MATERIAL FOR THIS TASK >>
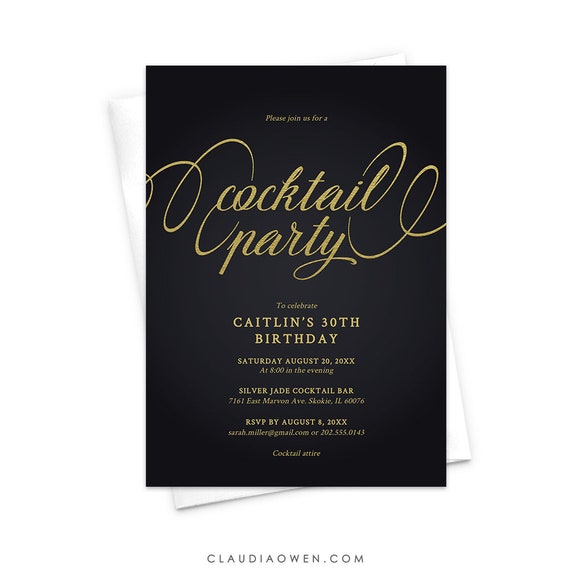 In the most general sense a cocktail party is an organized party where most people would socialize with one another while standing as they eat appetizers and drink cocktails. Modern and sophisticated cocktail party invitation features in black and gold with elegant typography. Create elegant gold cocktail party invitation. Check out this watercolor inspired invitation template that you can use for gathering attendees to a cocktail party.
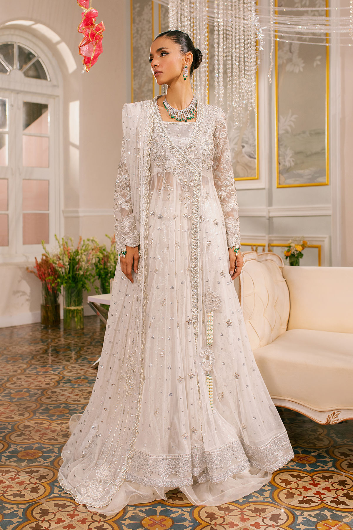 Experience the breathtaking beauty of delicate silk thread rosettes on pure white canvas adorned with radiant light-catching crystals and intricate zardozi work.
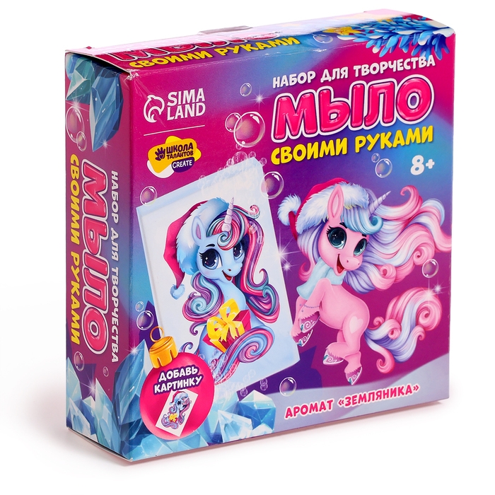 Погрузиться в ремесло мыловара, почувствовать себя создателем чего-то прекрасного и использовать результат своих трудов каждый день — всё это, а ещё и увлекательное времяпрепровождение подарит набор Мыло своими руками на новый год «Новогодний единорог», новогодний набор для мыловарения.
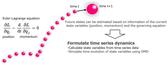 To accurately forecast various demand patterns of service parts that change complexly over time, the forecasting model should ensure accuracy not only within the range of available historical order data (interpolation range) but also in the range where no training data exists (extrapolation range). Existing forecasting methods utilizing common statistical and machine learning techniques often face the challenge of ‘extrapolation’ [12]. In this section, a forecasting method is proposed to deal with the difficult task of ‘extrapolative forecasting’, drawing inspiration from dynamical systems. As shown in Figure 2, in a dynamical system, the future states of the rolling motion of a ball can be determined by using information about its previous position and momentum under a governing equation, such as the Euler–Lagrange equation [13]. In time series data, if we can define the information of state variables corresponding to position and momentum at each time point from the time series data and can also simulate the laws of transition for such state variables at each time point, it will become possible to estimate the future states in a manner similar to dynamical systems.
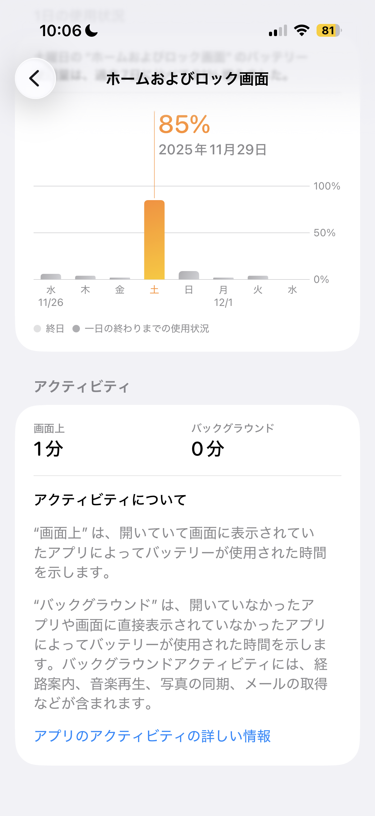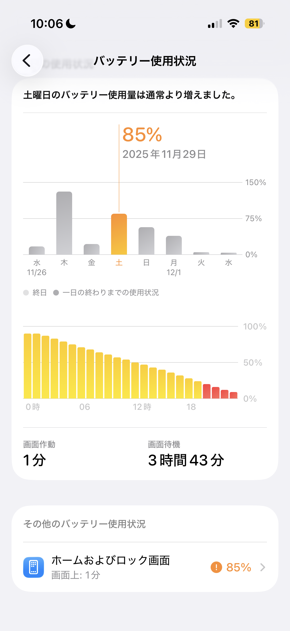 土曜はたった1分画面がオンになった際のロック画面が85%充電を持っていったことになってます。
--
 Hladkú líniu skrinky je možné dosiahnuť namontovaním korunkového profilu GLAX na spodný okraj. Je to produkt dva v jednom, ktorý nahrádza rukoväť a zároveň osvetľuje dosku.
...
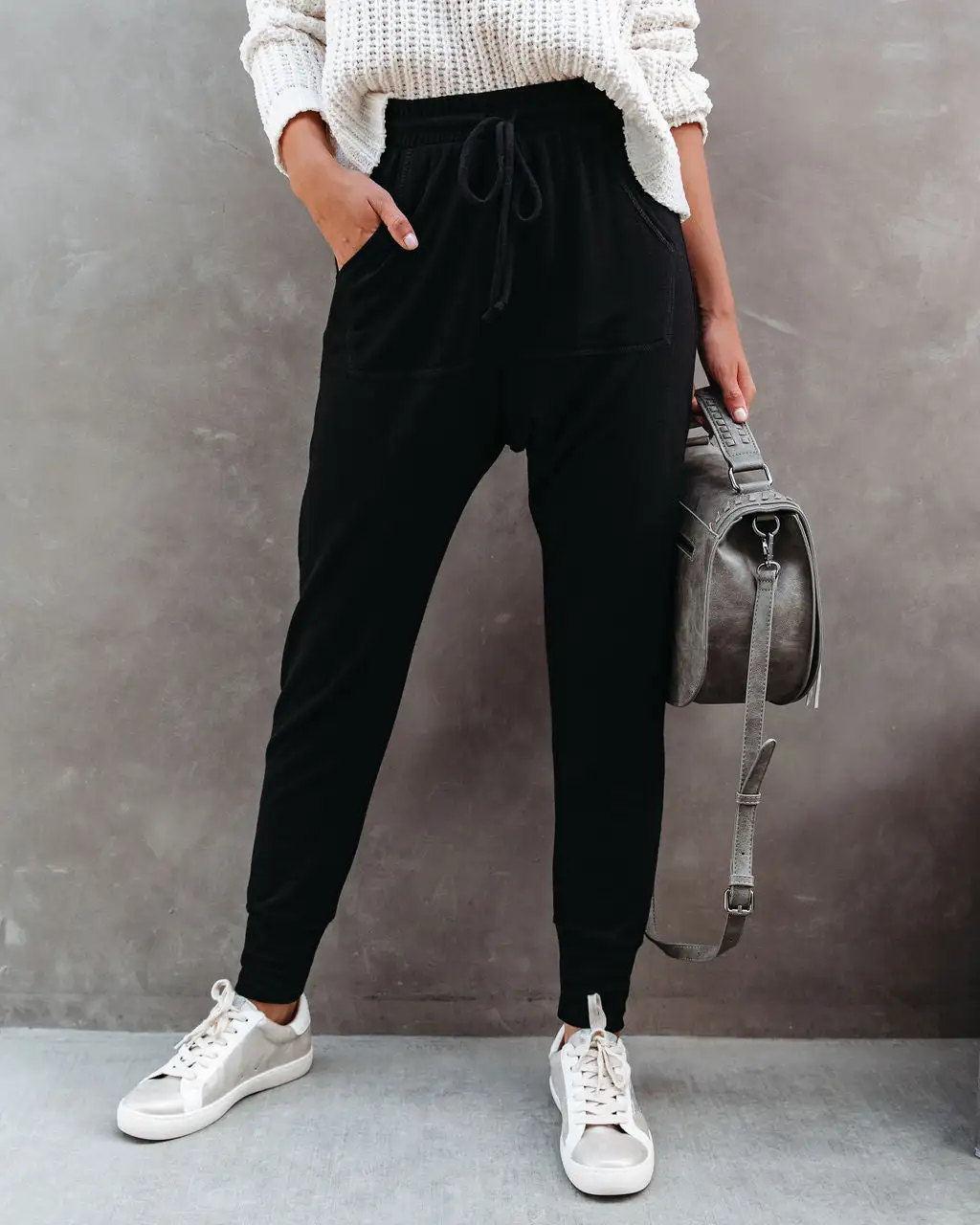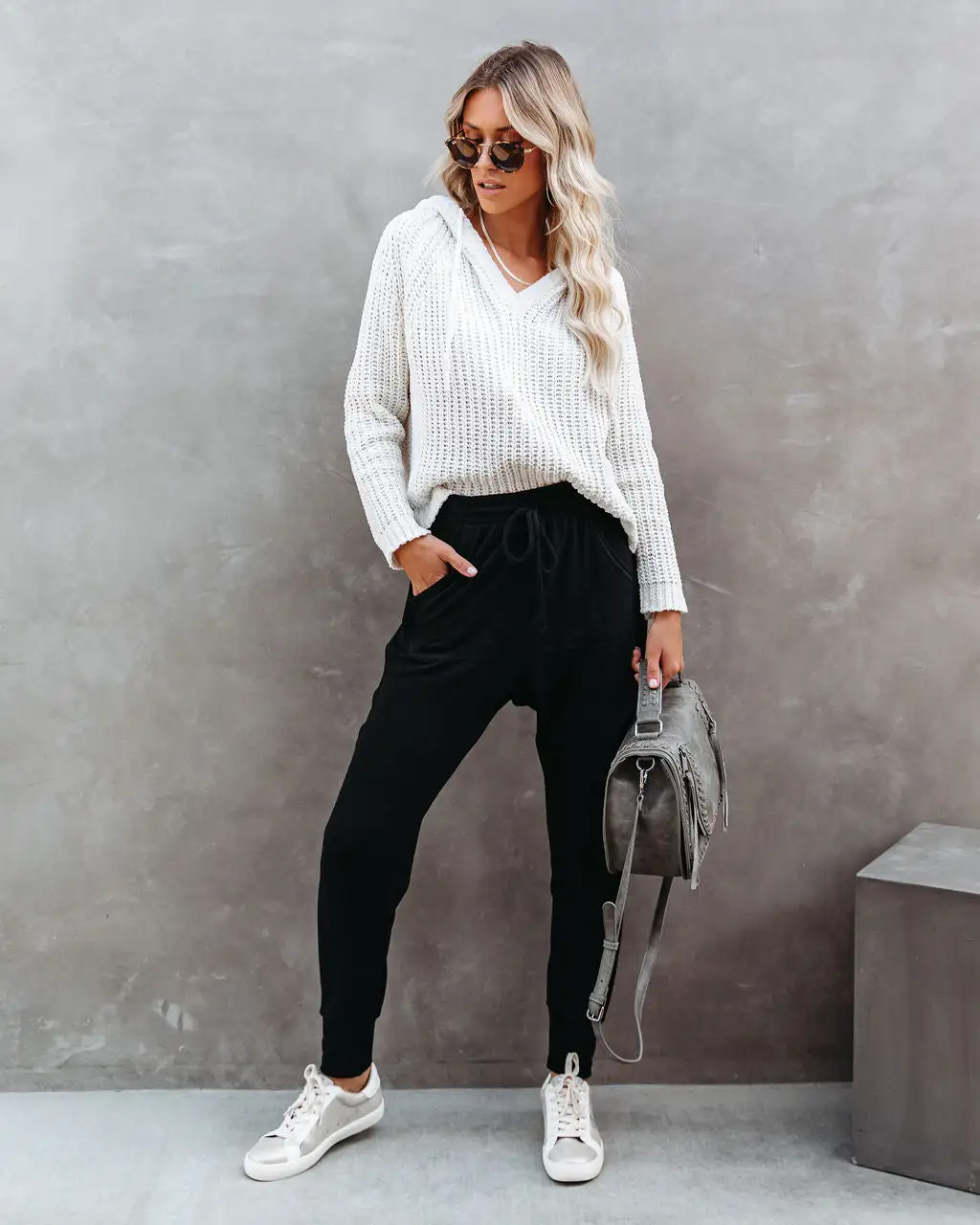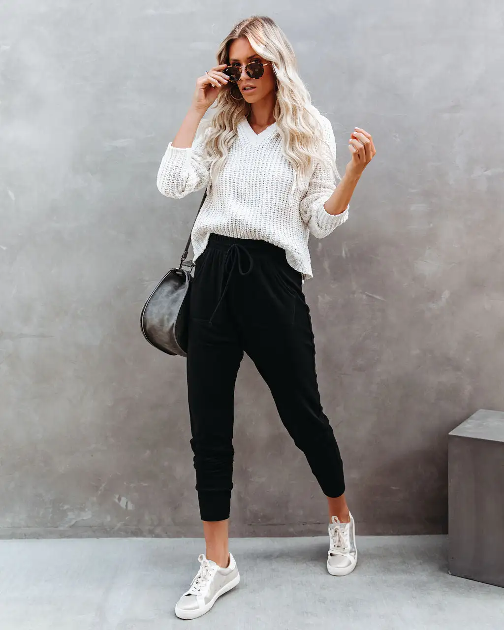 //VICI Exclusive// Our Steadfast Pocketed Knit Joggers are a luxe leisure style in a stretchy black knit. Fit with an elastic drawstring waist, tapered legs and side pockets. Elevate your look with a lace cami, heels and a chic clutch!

YOUR ASSIGNMENT >> Go down the entries above from the line containing "In the most" to the line containing "Погрузиться в ремесло" and write out each line exactly, leaving pictures out.

SOLUTION FOR THIS PROBLEM >>
 In the most general sense a cocktail party is an organized party where most people would socialize with one another while standing as they eat appetizers and drink cocktails. Modern and sophisticated cocktail party invitation features in black and gold with elegant typography. Create elegant gold cocktail party invitation. Check out this watercolor inspired invitation template that you can use for gathering attendees to a cocktail party.
 Experience the breathtaking beauty of delicate silk thread rosettes on pure white canvas adorned with radiant light-catching crystals and intricate zardozi work.
 Погрузиться в ремесло мыловара, почувствовать себя создателем чего-то прекрасного и использовать результат своих трудов каждый день — всё это, а ещё и увлекательное времяпрепровождение подарит набор Мыло своими руками на новый год «Новогодний единорог», новогодний набор для мыловарения.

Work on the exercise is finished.